In this study, 8,096 Acute Respiratory Infection (ARI) cases submitted by Thai residents to partnering hospitals were analyzed. Of these, 1,152 samples tested positive for SARS-CoV-2 via real-time RT-PCR, resulting in a positivity rate of 14.2% (Fig. 1c). Data collection was conducted across Thailand’s seasonal divisions: summer (February to mid-May), rainy season (mid-May to October), and winter (November to February). The findings revealed an initial SARS-CoV-2 Outbreak wave in January, accounting for 13.3% of total positive samples (153/1,152), followed by a significant second wave from April to June, which represented 48.9% of total positives (563/1,152) during the summer months.
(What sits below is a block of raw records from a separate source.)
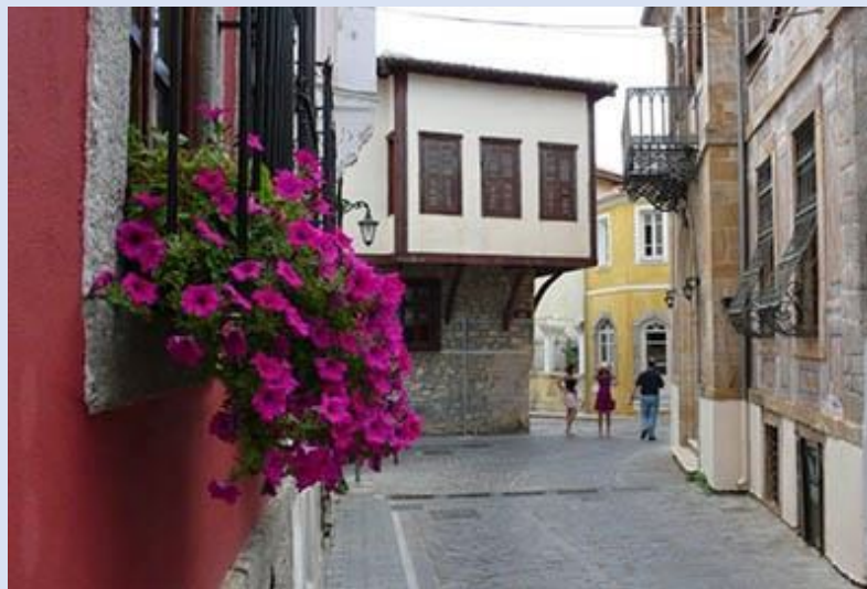
Xanthi, Old Town
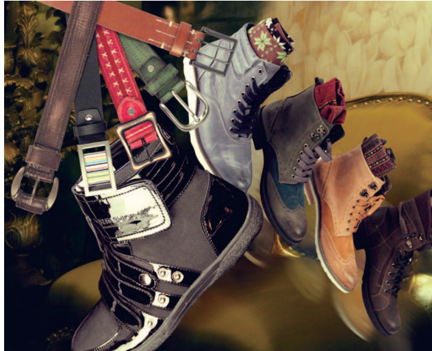
[L2] 2012 autumn collections

The Group offers competitive remuneration packages to our employees based on factors such as market rates, workload, responsibility, job complexity as well as the Group's performance. The Group has also adopted a pre-IPO share option scheme and a share option scheme to recognise, reward and promote the contribution of the employees to the growth and development of the Group.
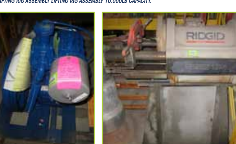
PIPE THREADER RIGID 1224 ELECTRIC PIPE THREADER
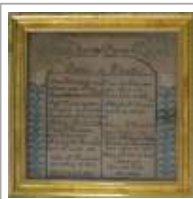
Batcheller Family Record
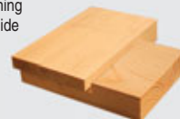
Half lap (halving) joint using tenon slide template.
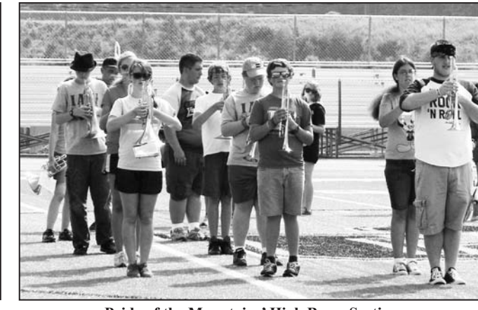
Pride of the Mountains' High Brass Section

Notably, positivity rates for SARS-CoV-2 declined below 10% from July to December, indicating a reduction in transmission during the latter part of the year.

Among the 1,152 SARS-CoV-2 infected patients, 539 (46.8%) were Male and 613 (53.2%) were female (Table 1). A Chi-square test showed no significant association between gender and infection status, χ²(1, N = 8,096) = 0.30, p = 0.583. The highest proportion of SARS-CoV-2 infections occurred in individuals aged 31–40 years (18.3%), followed by those aged 41–50 (17.7%) and 1 month–10 years (16.9%). The lowest was in the 11–20 years group (5.9%). Pairwise proportion tests with Bonferroni correction showed significantly higher infection rates in the 31–40 age group compared to the 0–10 (p < 0.001), 11–20 (p = 0.0011), and 51–60 (p < 0.001) groups. No significant differences were observed when compared to the 21–30, 41–50, or > 60 age groups (p > 0.05). These findings highlight a greater burden of infection among middle-aged adults.

Table 1 Number and percentage of infected and non-infected individuals by gender and age group (n = 8,096).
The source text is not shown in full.